Yes, this is correct. Recall that the "1" and "2" refer to two different paths (via two different slits) by which the electron can make it to the detector. The amplitude $\phi_1+\phi_2$ is used when we can not distinguish which path the electron took (and there is thus interference).

When I put a qubit into uniform superposition, I write $$\frac{1}{\sqrt 2} |0\rangle + \frac{1}{\sqrt 2} |1\rangle\tag{4}$$ and then I'm taking the $1/\sqrt{2}$ to be $\phi_1$ and the other $1/\sqrt{2}$ to be $\phi_2$.

When I ask myself --- what's the probability of finding the qubit in either state, I'm applying Born's rule and adding these amplitudes,

No, you don't add the amplitudes here. In this case what is being measured is the spin and there are not multiple "paths" to interfere.

Where did I go wrong?

This is a good question. To understand the answer you should consider something in quantum computing that is analogous to having multiple interfering paths in the double slit experiment. But, in quantum computing we often ignore all the spatial degrees of freedom, so we are not usually looking at literal paths in real space.

So we want to look at a quantum computing analog to real-space propagation along a path. For a single qubit we do our "propagation" by acting with a 2x2 unitary matrix: $$ U = \left(\begin{matrix}a & b \\ -b^* & a^*\end{matrix} \right)\;, $$ where $|a|^2+|b|^2 = 1$

Suppose you start with the state: $$ |\psi\rangle = \psi_0|0\rangle + \psi_1|1\rangle\;, $$ (where $|\psi_0|^2+|\psi_1|^2=1$) and propagate it with $U$ and then measure spin-up (i.e., measure the bit value 0). What is the probability amplitude? It is: $$ P^U_{0} = |a\psi_0 + b\psi_1|^2\;, $$ where you now see some interference can happen.

But, as you noted, if you measure spin up before propagating with $U$ then the probability is just $P_0=|\psi_0|^2$.

Similarly, if you measure spin-down (i.e., measure the bit value 1) after propagation with $U$ the probability is: $$ P^U_1 = |-b^*\psi_0+a^*\psi_1|^2\;. $$

But if you measure spin down before you propagate with $U$ the probability is $P_1=|\psi_1|^2$.

And, as you can check, in either case: $$ P^U_0+P^U_1 = 1 $$ and $$ P_0+P_1=1\;. $$

In quantum computing, the stuff happening "inside the computer" is all the unitary propagation stuff (all your $H$ gates and $CNOT$ gates and whatever other unitary gates you want to apply).
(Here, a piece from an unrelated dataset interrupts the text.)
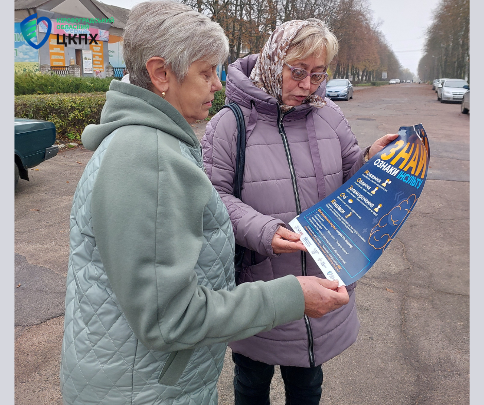 Фахівці Новомиргородського відділення Новоукраїнського відділу Кіровоградського обласного центру контролю та профілактики хвороб провели інформаційно-просвітницькі заходи серед населення Новомиргородської громади, у межах Всесвітнього тижня боротьби з інсультом.
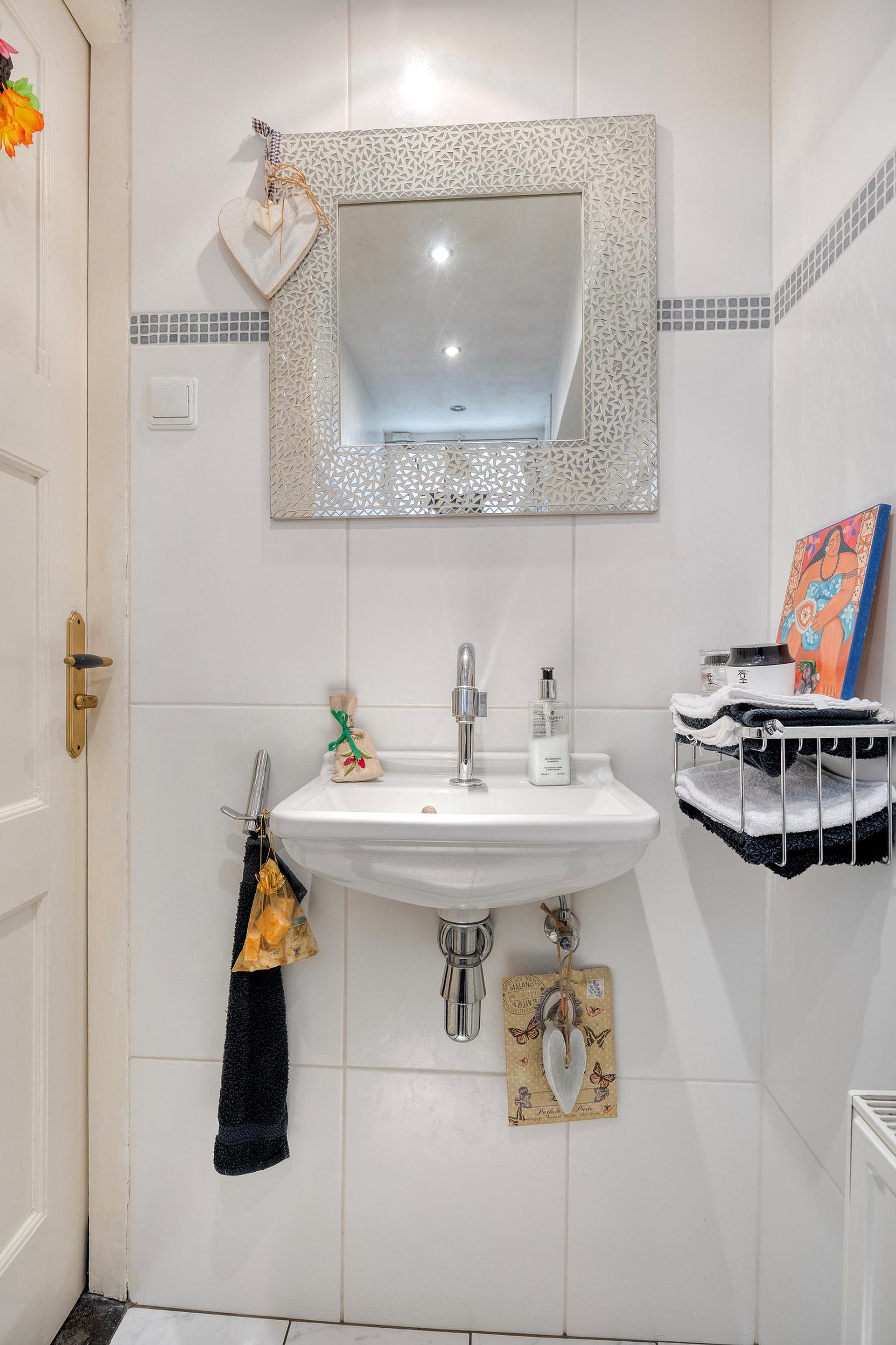 Begane grond: entree, ruime hal met meterkast en opbergkast, zwevend toilet met een fonteintje, ruime en lichte doorzonwoonkamer met hoge plafonds en deels vloerwarming, keuken met enkele inbouwapparaten, serre-aanbouw en een schuifpui naar de ruime achtertuin op het zuiden.

This "internal to the computer" stuff can cause interference to happen.

The stuff happening at the end (measurement, e.g., readout of the classical bit values) does not cause interference. At the end we just get whatever classical bit string we get and we calculate the probability of that classical bit string by the Born rule.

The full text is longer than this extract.